:: Exercise prompt ::
Transcribe nothing except the lines below that run from the one with "9月9日・10日と15日・16日にそれぞれ、稚内中学校、稚内南中学校の生徒が 職場体験学習 として、" to the one with "Prosiect RICE –", ends included, and do not copy any picture.

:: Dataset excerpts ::
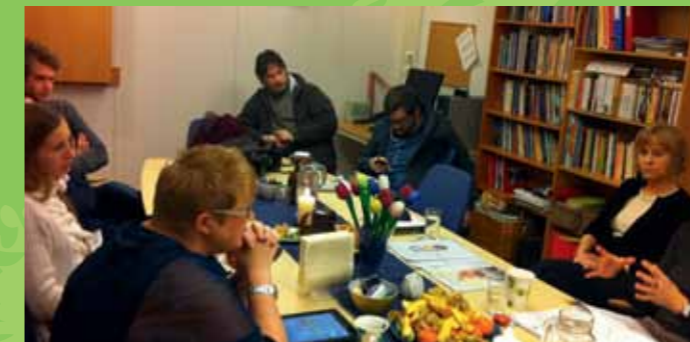
... på en helsestasjon i Bergen...
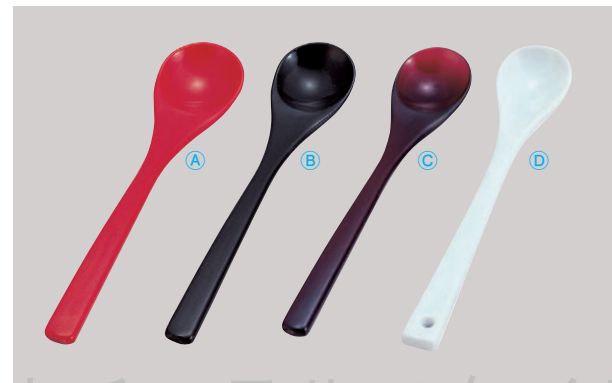
8-857-20 A 1-772-41 A 茶碗蒸しスプーン 赤 ¥130 (13.1×2.7) 梱1,000 B H-1-37 A 茶碗蒸しスプーン 黒 ¥190 (13.1×2.7) 梱1,000 C 1-772-44 AC 茶碗蒸しスプーン 別甲 ¥240 (13.1×2.7) 梱1,000 D H-1-40 陶茶碗蒸しスプーン 白磁 限定品 ¥200 (13.1×2.7) 梱1,000
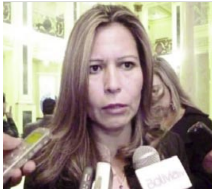
FISCAL SANDRA GUTIÉRREZ

La implementación de Justicia Libre y la digitalización de procesos son cruciales en la era actual, no solo para la agilización de trámites, sino también para asegurar una mayor transparencia y trazabilidad en cada caso. Esta iniciativa no solo beneficia la operatividad interna de la Fiscalía, sino que refuerza la confianza pública en la capacidad del Ministerio Público para responder eficazmente a las demandas de justicia de la población
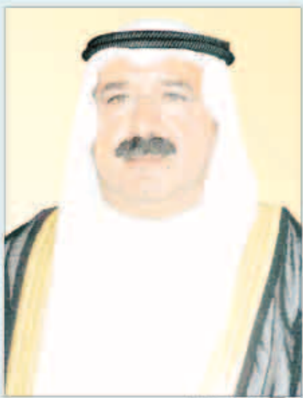
الشيخ ناصر الصباح

ظل القيادة الحكيمة لسمو أمير البلاد القائد الأعلى للقوات المسلحة وسمو ولي عهد الأمين وسمو رئيس مجلس الوزراء.
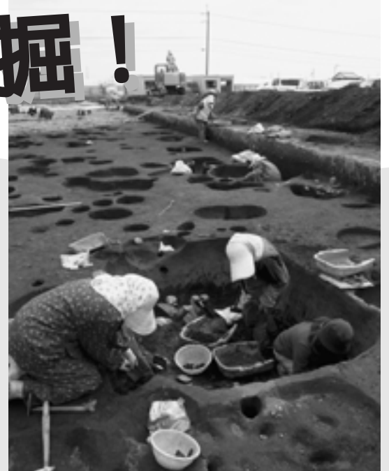
3月は野市町西野遺跡群を発掘

香南市では各所で農道整備や宅地開発に伴う、埋蔵文化財の有無の調査と保護をおこなっています。出土した生活の跡や土器などには、当時の生活や歴史の背景を知る手がかりが秘められています。
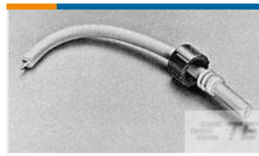
TE 产品编号3-830611-5 LGH 1/2 SGL MLD END
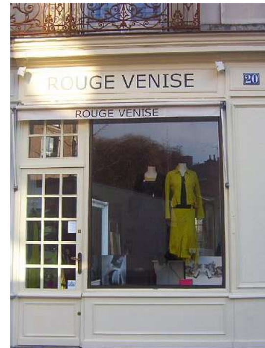
Place Rallier du Baty 040228_6654.jpg

Texte d'Alfred de Musset complété et illustré par Joe Krapov
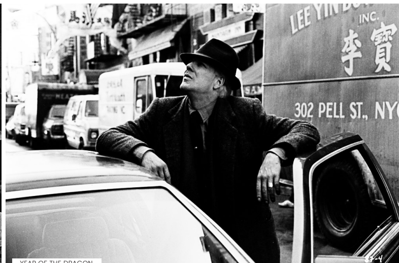
YEAR OF THE DRAGON
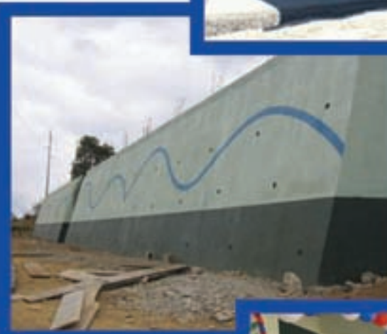
Muro de Contención, Maquivil, San Miguel Ixtahuacán.
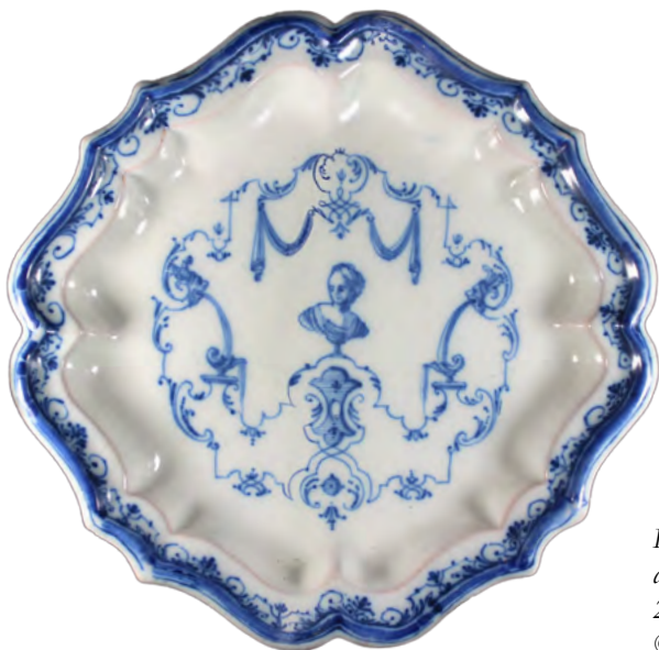
Plat à bord contourné, décor à la Bérain, Ø 24 cm, 2 e quart du XVIII e siècle.

Dans les deux premières parties, l'ouvrage retrace l'histoire de la collection et illustre la fabrication de la faïence au XVIII e siècle grâce au fonds archéologique issu des fouilles de la faïencerie du Bois d'Epense.
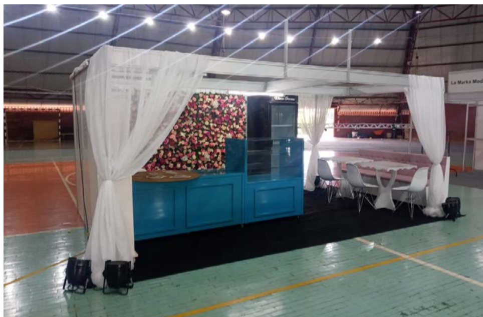
Espaço recebe estruturas de lojas e peças para comercialização
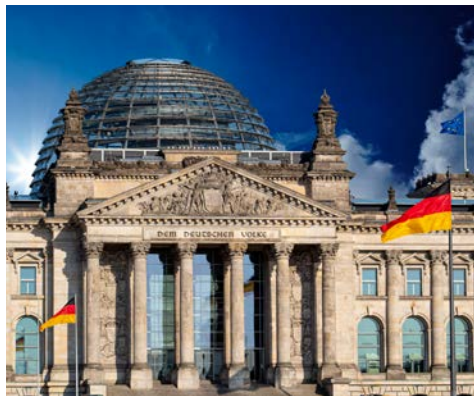
Reichstag – ein Stück deutsche Geschichte
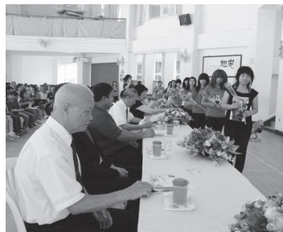
▲ 小朋友們獻花及感謝卡。
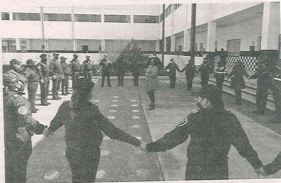
SSC garantizará vida libre de violencia para niñas y mujeres

El Diplomado de Actuación Policial y Atención a Víctimas con Perspectiva de Género, diseñado por la Semujeres, tiene por objetivo que las y los policías de la capital tengan las herramientas necesarias para detectar e identificar de manera oportuna los casos de violencia en diferentes contextos y desarrollar competencias para la prevención desde la perspectiva de gé-
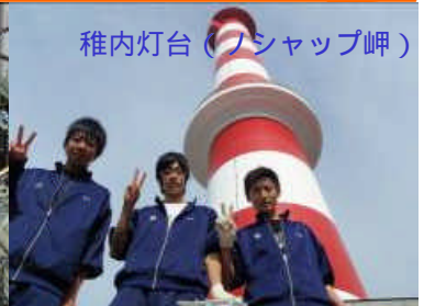
稚内灯台(ワショップ岬)

9月9日・10日と15日・16日にそれぞれ、稚内中学校、稚内南中学校の生徒が 職場体験学習 として、 稚内灯台 や 巡視船しらかみ を見学しました。
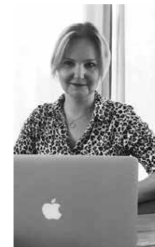
DOROTHEE ZENGLEIN Grafik und Layout des Brautführers
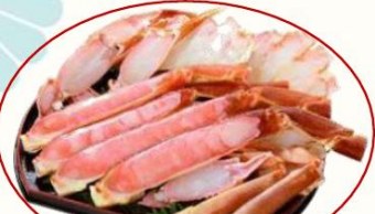
生ずわいがに(大) 窓あきカット
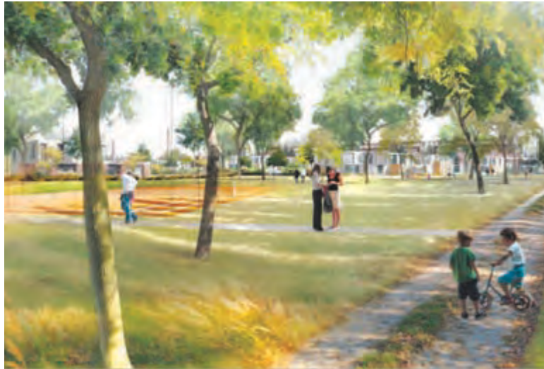
Un parc actif dédié aux sports et aux activités physiques
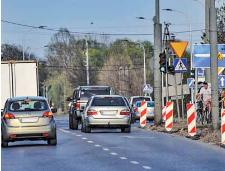
Chyliczkowska jest drogą jednokierunkową od kilkadziesiąt lat, ale czy to jest dobry powód żeby tego nie zmieniać?
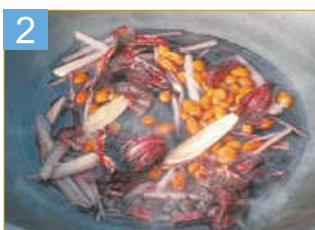
2 將乾洛神花、甘草、枸杞、薑片及鹽放入鍋中，倒入2杯過濾水煮沸。
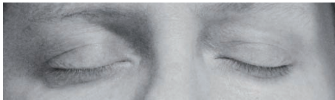
Gut schlafen, gut fühlen.
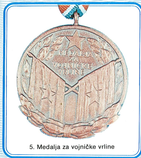
5. Medalja za vojničke vrline

Medalja za vojničke vrline dodjeljuje se vojnicima i vojnim starješinama za naročito isticanje u poznavanju i vršenju vojničkih dužnosti i za primjerno vojničko držanje.
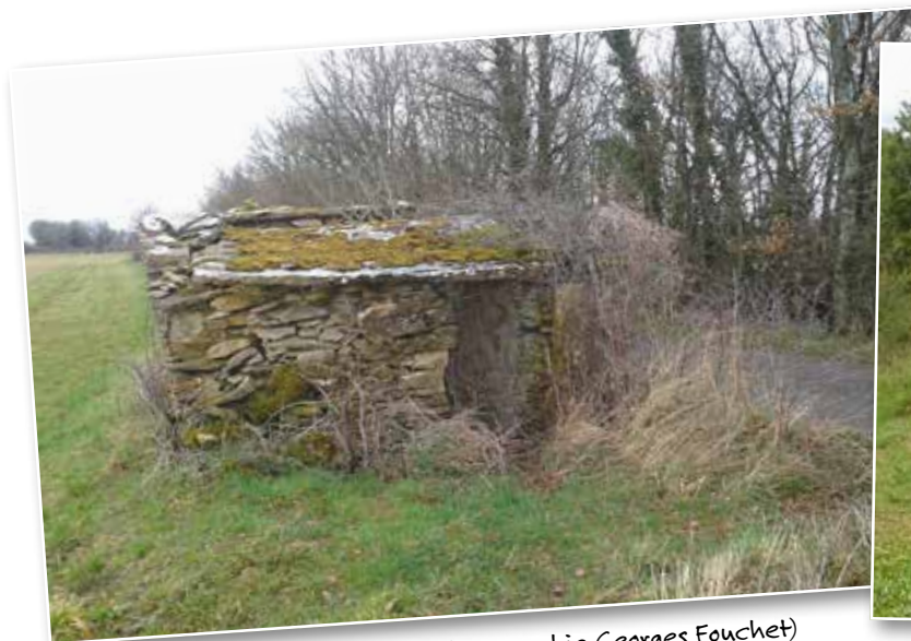
Avant restauration
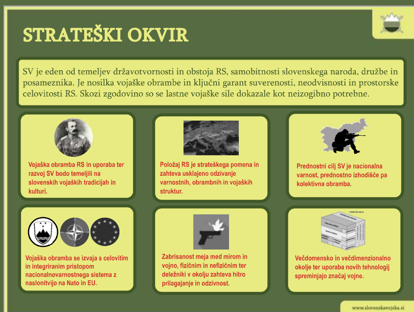
▼ Shema 2: Strateški okvir
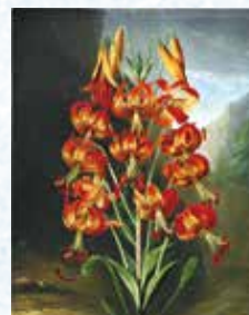
「フローラの神殿」より「カナダユリ」メゾチント 国際版画美術館蔵
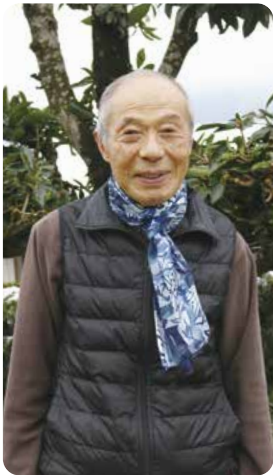
大洲アーティストグループ エンゼル
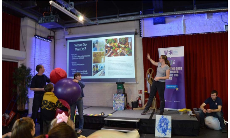
Prosiect RICE – Gwyddoniaeth Super Abertawe 2020

Ledled Cymru, fel rhan o'r ymrwymiad i ddwyn budd i gymunedau drwy gyllid Ewropeaidd, mae prosiectau wedi bod yn darparu gweithgareddau sy'n cyfrannu at gydraddoldeb mynediad, yn diogelu ac yn gwella'r amgylchedd naturiol ac yn annog cydlyniant ac ymgysylltiad cymdeithasol. Mae gweithgareddau er budd y gymuned yn cynnwys darparu cyflogaeth leol, hyfforddiant, prentisiaethau a chynlluniau lleoliadau gwaith; cynlluniau gwirfoddoli; gweithio gydag elusennau lleol, gwella'r amgylchedd naturiol ac amgylchedd adeiledig, a noddi cynlluniau a rhoddion.
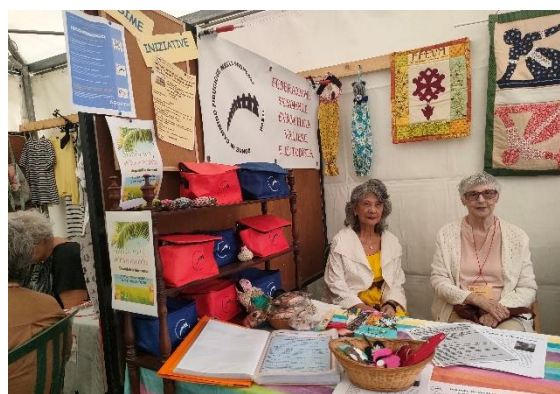
Foto stand Sinodo 2025

Saremo presenti con lo stand, presso il quale vi invitiamo a passare! Vi aspettiamo!
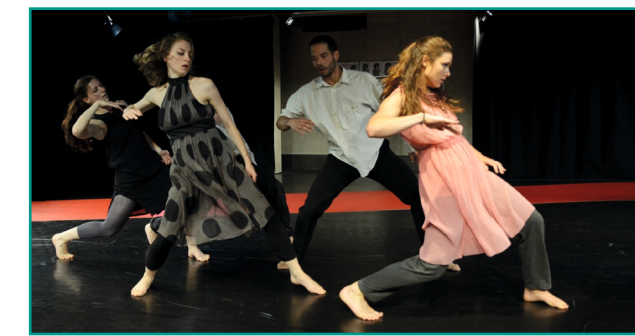
„Alle Zeit der Welt“

Aufgrund der begrenzten Platzkapazitäten bitten wir Sie, sich bis zum 15. April 2016 verbindlich anzumelden (s. Programmteil).
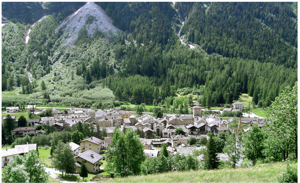
Abb 4 Vicosoprano ist eine der fünf früheren Gemeinden im Bergell. Heute gehört Vicosoprano zur Gemeinde Bregaglia.

Im Bergell präsentiert sich die Situation umgekehrt. Rund 52% der Waldgäste sind ferienhalber im Bergell. 48% können als Tagesgäste bezeichnet werden. Typischerweise reisen sie aus Italien oder ihrem Ferienort im Engadin an (weniger als 5% kommen vom Wohnort im Bergell). Für die Bergeller Wälder ermittelten wir einen Wert von rund 86 000 Besuchstagen und damit eine Besucherdichte von 17 Besuchstagen pro Jahr und Hektare.
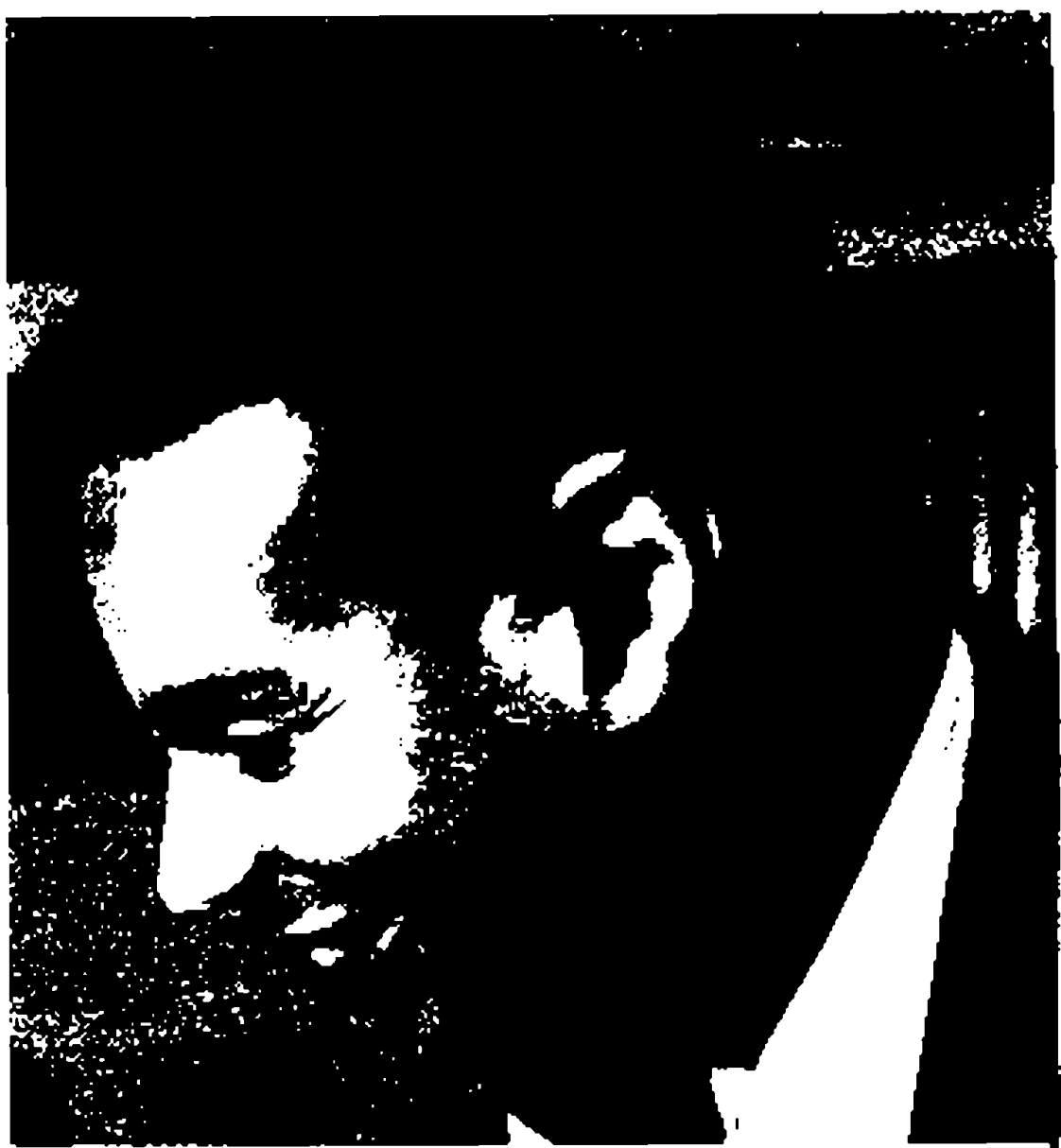
شكل الأذن من الخارج
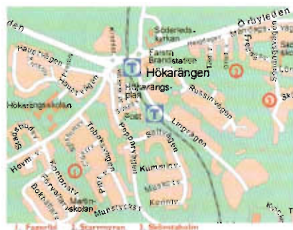
1. Fagerlid 2. Starrmyran 3. Skönstaholm
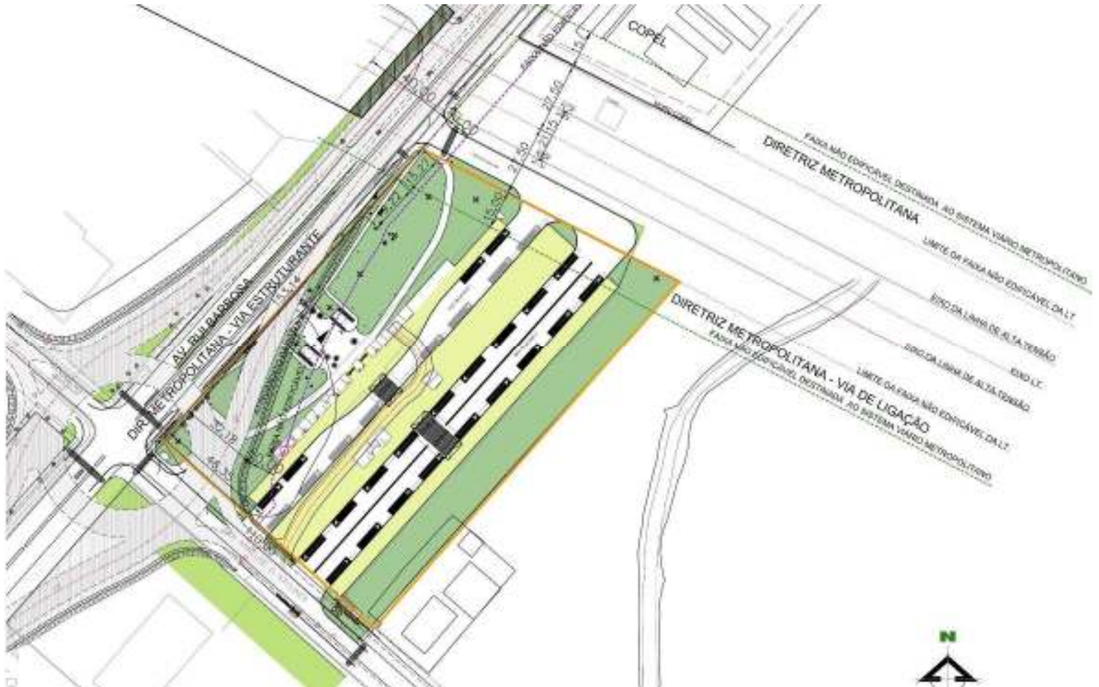
Figura 2 – Diretriz metropolitana que deve ser atendida na adequação e atualização dos projetos

:: Finished task ::
9月9日・10日と15日・16日にそれぞれ、稚内中学校、稚内南中学校の生徒が 職場体験学習 として、 稚内灯台 や 巡視船しらかみ を見学しました。
DOROTHEE ZENGLEIN Grafik und Layout des Brautführers
生ずわいがに(大) 窓あきカット
Un parc actif dédié aux sports et aux activités physiques
Chyliczkowska jest drogą jednokierunkową od kilkadziesiąt lat, ale czy to jest dobry powód żeby tego nie zmieniać?
2 將乾洛神花、甘草、枸杞、薑片及鹽放入鍋中，倒入2杯過濾水煮沸。
Gut schlafen, gut fühlen.
5. Medalja za vojničke vrline

Medalja za vojničke vrline dodjeljuje se vojnicima i vojnim starješinama za naročito isticanje u poznavanju i vršenju vojničkih dužnosti i za primjerno vojničko držanje.
Avant restauration
▼ Shema 2: Strateški okvir
「フローラの神殿」より「カナダユリ」メゾチント 国際版画美術館蔵
大洲アーティストグループ エンゼル
Prosiect RICE – Gwyddoniaeth Super Abertawe 2020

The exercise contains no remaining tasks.